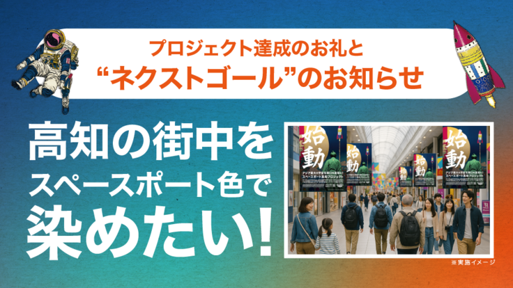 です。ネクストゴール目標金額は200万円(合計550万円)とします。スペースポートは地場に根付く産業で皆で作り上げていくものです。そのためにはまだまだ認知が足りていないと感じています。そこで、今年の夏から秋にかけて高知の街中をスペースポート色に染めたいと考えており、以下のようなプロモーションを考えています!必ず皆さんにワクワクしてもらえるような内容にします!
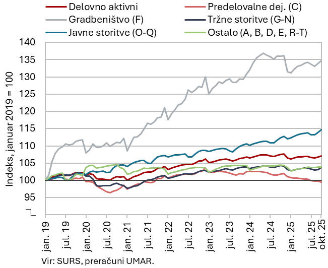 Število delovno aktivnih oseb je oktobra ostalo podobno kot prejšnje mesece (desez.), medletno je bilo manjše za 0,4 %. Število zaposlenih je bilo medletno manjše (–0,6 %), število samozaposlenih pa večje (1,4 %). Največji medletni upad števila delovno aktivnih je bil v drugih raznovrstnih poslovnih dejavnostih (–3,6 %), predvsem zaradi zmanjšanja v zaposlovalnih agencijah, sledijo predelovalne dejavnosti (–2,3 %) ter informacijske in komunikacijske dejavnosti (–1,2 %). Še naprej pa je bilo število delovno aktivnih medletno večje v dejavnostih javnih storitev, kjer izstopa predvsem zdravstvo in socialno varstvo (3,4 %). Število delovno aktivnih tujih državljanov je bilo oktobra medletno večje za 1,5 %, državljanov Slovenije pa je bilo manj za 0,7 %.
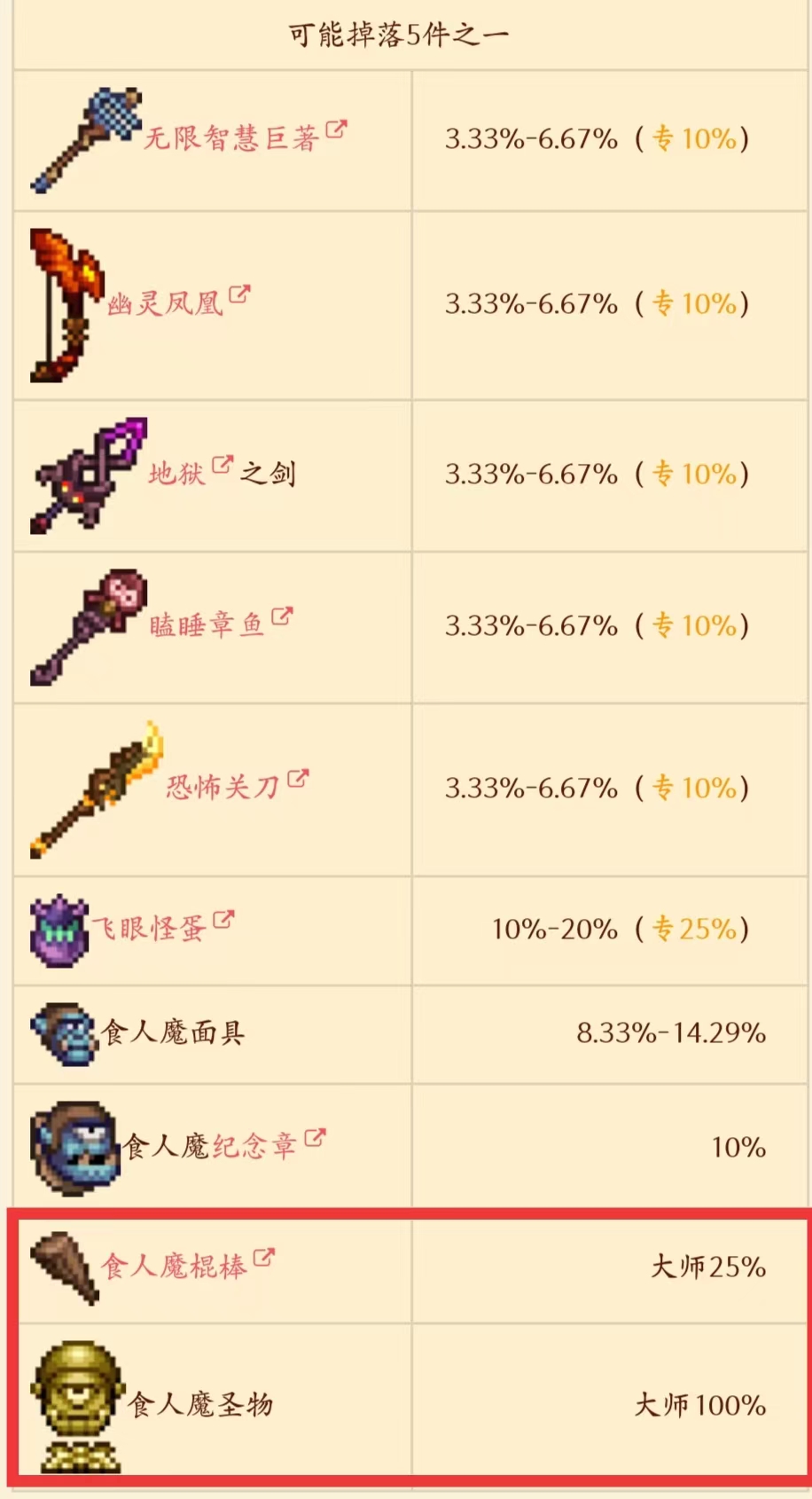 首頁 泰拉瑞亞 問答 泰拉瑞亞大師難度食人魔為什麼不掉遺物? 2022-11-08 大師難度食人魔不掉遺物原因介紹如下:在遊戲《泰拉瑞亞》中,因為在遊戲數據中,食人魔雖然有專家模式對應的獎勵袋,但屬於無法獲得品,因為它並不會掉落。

######

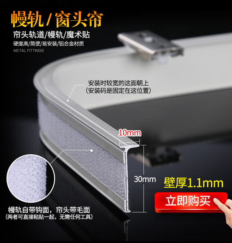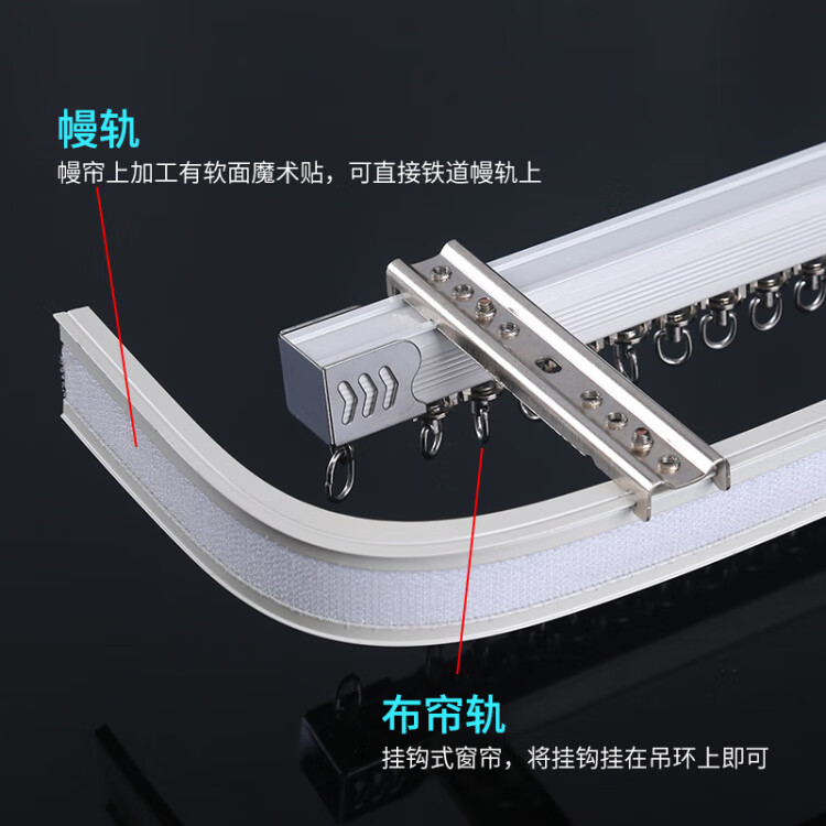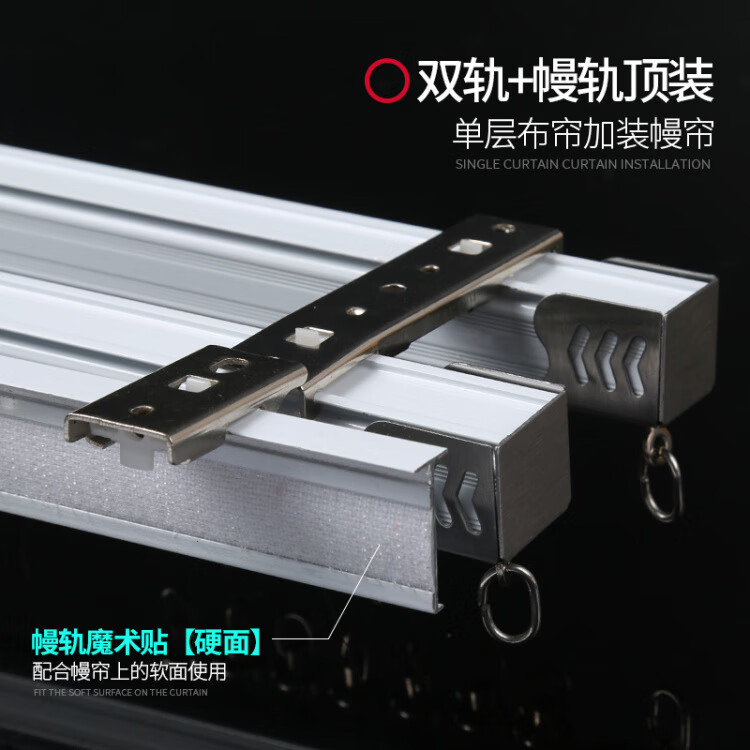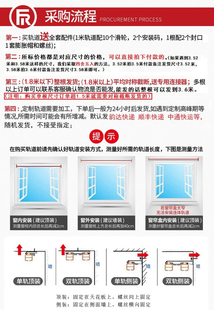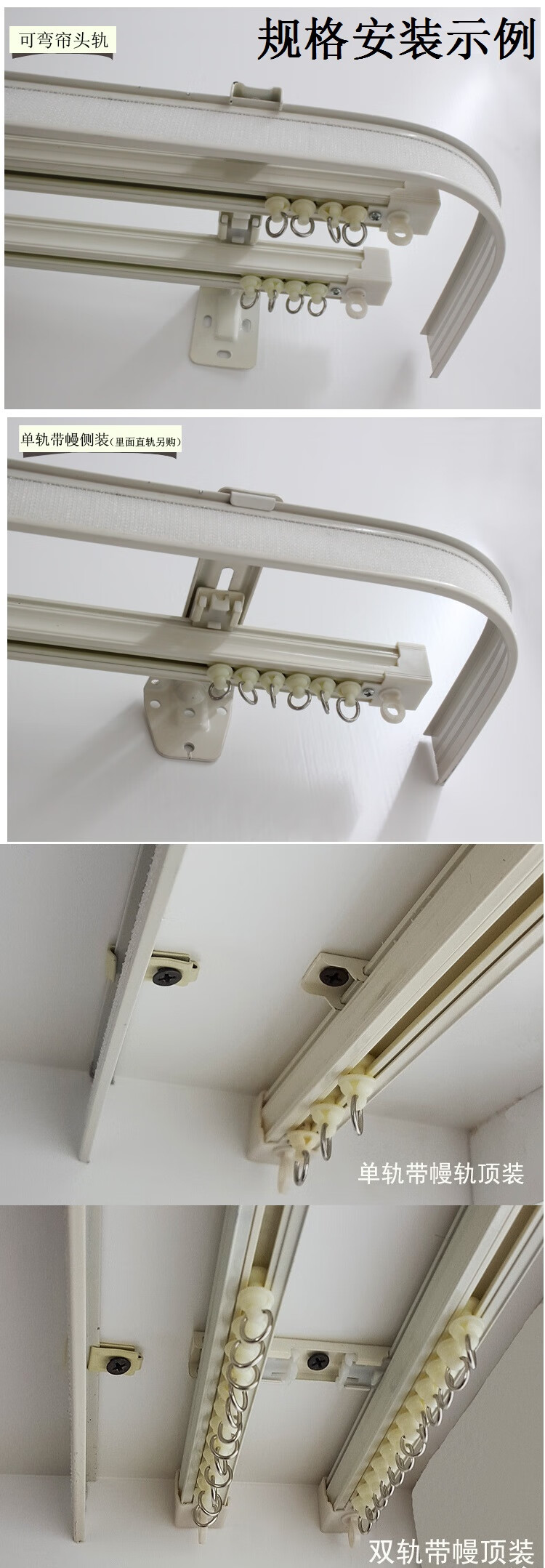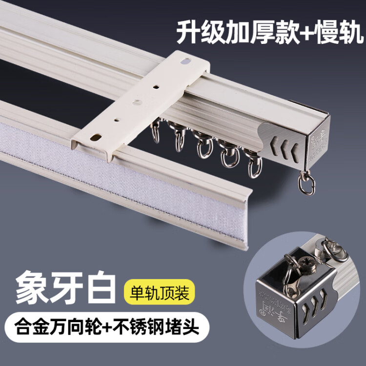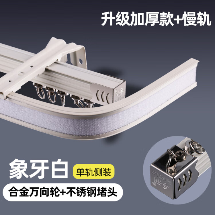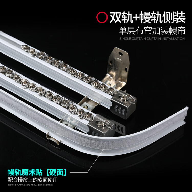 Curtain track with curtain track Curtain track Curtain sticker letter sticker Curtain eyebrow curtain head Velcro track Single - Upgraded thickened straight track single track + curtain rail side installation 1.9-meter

######

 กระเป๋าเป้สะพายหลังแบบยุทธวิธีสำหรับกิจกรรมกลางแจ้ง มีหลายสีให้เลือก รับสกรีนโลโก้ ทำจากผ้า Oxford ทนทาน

######

Without the pictures, set down the lines above from the line with "です。ネクストゴール目標金額" up to and including the line with "首頁 泰拉瑞亞 問答 泰拉瑞亞大師難度食人魔為什麼不掉遺物?" exactly as they stand.

 です。ネクストゴール目標金額は200万円(合計550万円)とします。スペースポートは地場に根付く産業で皆で作り上げていくものです。そのためにはまだまだ認知が足りていないと感じています。そこで、今年の夏から秋にかけて高知の街中をスペースポート色に染めたいと考えており、以下のようなプロモーションを考えています!必ず皆さんにワクワクしてもらえるような内容にします!
 Število delovno aktivnih oseb je oktobra ostalo podobno kot prejšnje mesece (desez.), medletno je bilo manjše za 0,4 %. Število zaposlenih je bilo medletno manjše (–0,6 %), število samozaposlenih pa večje (1,4 %). Največji medletni upad števila delovno aktivnih je bil v drugih raznovrstnih poslovnih dejavnostih (–3,6 %), predvsem zaradi zmanjšanja v zaposlovalnih agencijah, sledijo predelovalne dejavnosti (–2,3 %) ter informacijske in komunikacijske dejavnosti (–1,2 %). Še naprej pa je bilo število delovno aktivnih medletno večje v dejavnostih javnih storitev, kjer izstopa predvsem zdravstvo in socialno varstvo (3,4 %). Število delovno aktivnih tujih državljanov je bilo oktobra medletno večje za 1,5 %, državljanov Slovenije pa je bilo manj za 0,7 %.
 首頁 泰拉瑞亞 問答 泰拉瑞亞大師難度食人魔為什麼不掉遺物? 2022-11-08 大師難度食人魔不掉遺物原因介紹如下:在遊戲《泰拉瑞亞》中,因為在遊戲數據中,食人魔雖然有專家模式對應的獎勵袋,但屬於無法獲得品,因為它並不會掉落。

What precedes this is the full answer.